Diana Taurasi hits 20 years on USA Basketball national team, still remembers 2004 voicemail

Diana Taurasi's first call-up to the USA Basketball senior national team — 20 years ago — is still fresh in her mind.

In 2004, then-program director Carol Callan rang to ask Taurasi to join the group while she was still a senior at the University of Connecticut.

"I was like, 'What!?'" Taurasi remembered last week. "So I packed all my stuff, and I met them in Denver, and we did a three-game tour, and the rest is history."

It led to her debut game for Team USA on this day 20 years ago.

On April 6, 2004, Taurasi wore UConn No. 3 for the last time in a win over rival Tennessee in New Orleans as the Huskies three-peated as NCAA champions.

Then on April 9, she wore USA No. 8 against Japan in Denver in the first of a three-game exhibition slate.
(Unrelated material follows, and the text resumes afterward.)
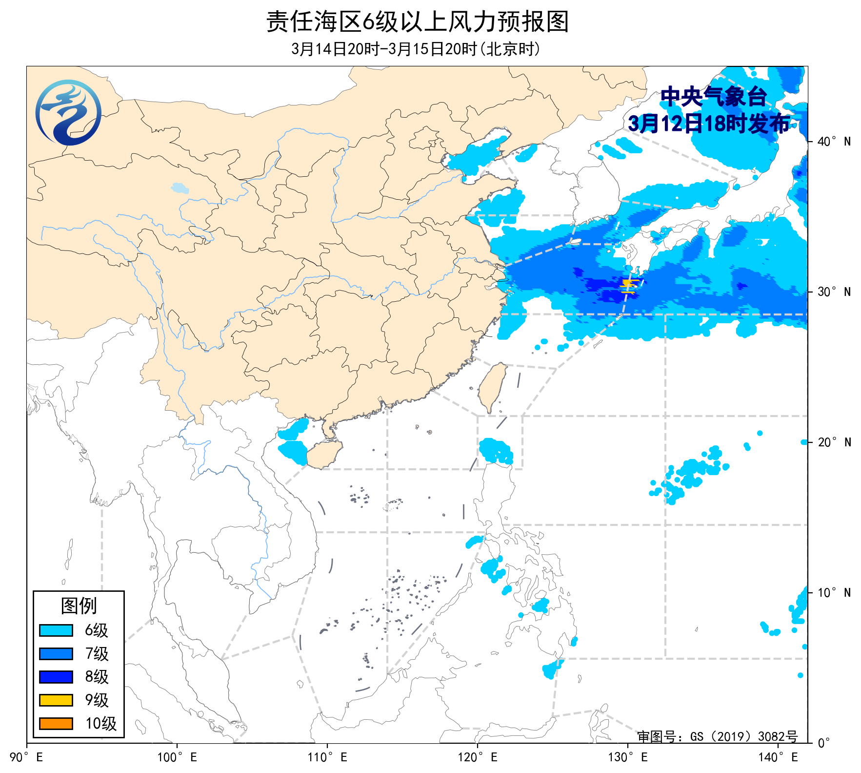 14日20时至15日20时,东海北部海域将有6~7级、阵风8级的偏东风,东海南部海域将有5~6级、阵风7级的西南风,巴士海峡将有4~6级、阵风7级的东南风,渤海、黄海中部和南部海域将有4~6级、阵风7级的偏北到东北风。

She had 13 points, four rebounds, four assists and two blocks, according to reports at the time.

That busy week was documented in this Ahmad Rashad-narrated profile in 2004.

A month after Taurasi's debut, Callan phoned again to tell her she made the Olympic team.
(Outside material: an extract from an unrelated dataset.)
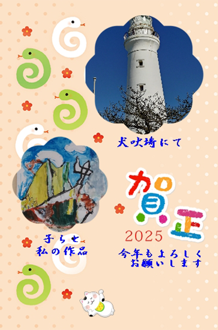 Wordお絵描きで作成したイラストを活用しPowerPointで作成されました。PowerPointならではの図形の接合を使ってヘビのオリジナルの図形を作成されました。これまで作成された水彩のイラスト背景に添えたりと作品を組み合わせることで、より豪華な年賀状を作成することが出来ました。
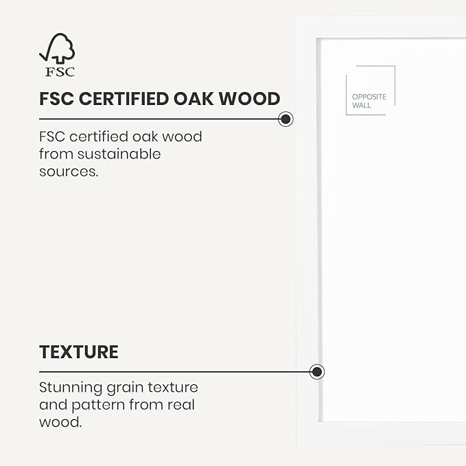 Opposite Wall - 14x18 in - White Solid Oak Wood Picture Frame - Lightweight, Versatile & Shatterproof - Wall Hanging Poster or Photo Frame - Wall Decor for Office, Gallery & Home

"To tell you the truth," Taurasi said, "I think she left a voicemail because I'm not good at answering my phone."

After listening to the recording, Taurasi remembered dialing her parents and her older sister, Jessika.
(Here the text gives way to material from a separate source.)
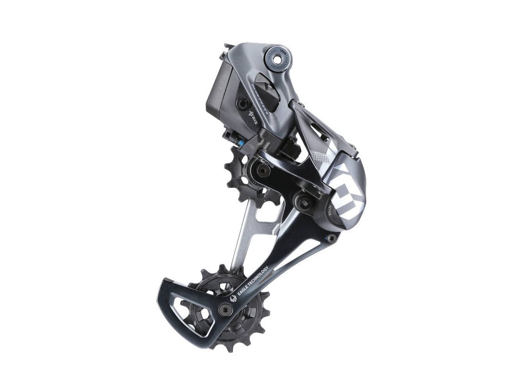 Tylna przerzutka X01 Eagle AXS to serce grupy Vector i została specjalnie opracowana z myślą o optymalnej zmianie przełożeń z silnikiem elektrycznym. Zmiana przełożeń pod obciążeniem i na nierównym terenie jest teraz jeszcze bardziej precyzyjna. Daje to jeszcze większą pewność prowadzenia roweru w ekstremalnych warunkach i pozwala skupić się wyłącznie na trasie. Nowe ogniwo przeciążeniowe zapewnia lepszą ochronę tylnej przerzutki w razie upadku. Przy ekstremalnych obciążeniach, tymczasowo rozłącza tylną przerzutkę, aby uniknąć obciążenia, a silnik elektryczny jest chroniony przed uszkodzeniem. Jednakże, tylna przerzutka natychmiast powraca do przełożeń. Pozytywnym efektem ubocznym jest lepsza ochrona tylnej przerzutki w razie upadku. Dodatkowo, krótsze o 10 mm ramię tylnej przerzutki chroni ją przed kontaktem z podłożem. Dla lepszego opasania łańcucha, a tym samym lepszej zmiany przełożeń, równoległobok został przesunięty nieco do przodu.

"They knew how much it meant to me, how much time I'd put into the junior national teams growing up, the 17-and-under (team), 19-and-under (team)," she said. "To get the call-up was a dream come true."

Taurasi came off the bench at those Olympics behind Sheryl Swoopes as the U.S. won a third consecutive title.

"She'll probably get in three, four or five more Olympics," veteran point guard Dawn Staley said that summer, according to

Taurasi, 41, is now bidding for a sixth Olympics (breaking the record for a basketball player) and a sixth gold medal (an outright record for any team sport, according to the OlyMADMen).

She said after the 2016 Rio Games that she was likely done playing for the national team. Then she came back to play under Staley for the Tokyo Olympic cycle.

After the Olympic final in 2021, Taurasi said “see you in Paris,” smiling, as she left an NBC interview. She had run her career Olympic record to 38-0, including starting every game at the last four Olympics.

In 2022, she wasn't on the FIBA World Cup team after suffering a WNBA season-ending quad injury. She missed a major tournament for the first time since 2002.

Taurasi then returned for a national team training camp in February 2023 and is now in the running for the 12-player team for Paris that will be named in the coming weeks.

"To me, basketball's everything. It's my whole life," she said. "I know a lot of people always want to be something else. I don't. I just want to play basketball."

In interviews last week, younger teammates gushed.

"When I started playing basketball, Diana was just the embodiment of who I wanted to be out there on the court," Kelsey Plum said. "Just fearless, tenacious, confident, fun, swaggy."

"Diana, obviously for me, is the player that I've looked up to since I was a little girl," Sabrina Ionescu said. "She's the goat of women's basketball and has been for a really long time."

Back in 2004, Taurasi was the youngest player on the floor as the U.S. practiced before her debut in Denver.

Stalwart Lisa Leslie broke one of those first team huddles by saying, "Welcome, Diana," and later opined that Taurasi made the best adjustment of any player she'd seen join the national team.

The team's coach, Van Chancellor, had simple advice before Taurasi's first practice, which she has followed now for two decades.

"Forget about where you come from, who you are, who did you play for, anything else," he said. "You join our team and get the job done."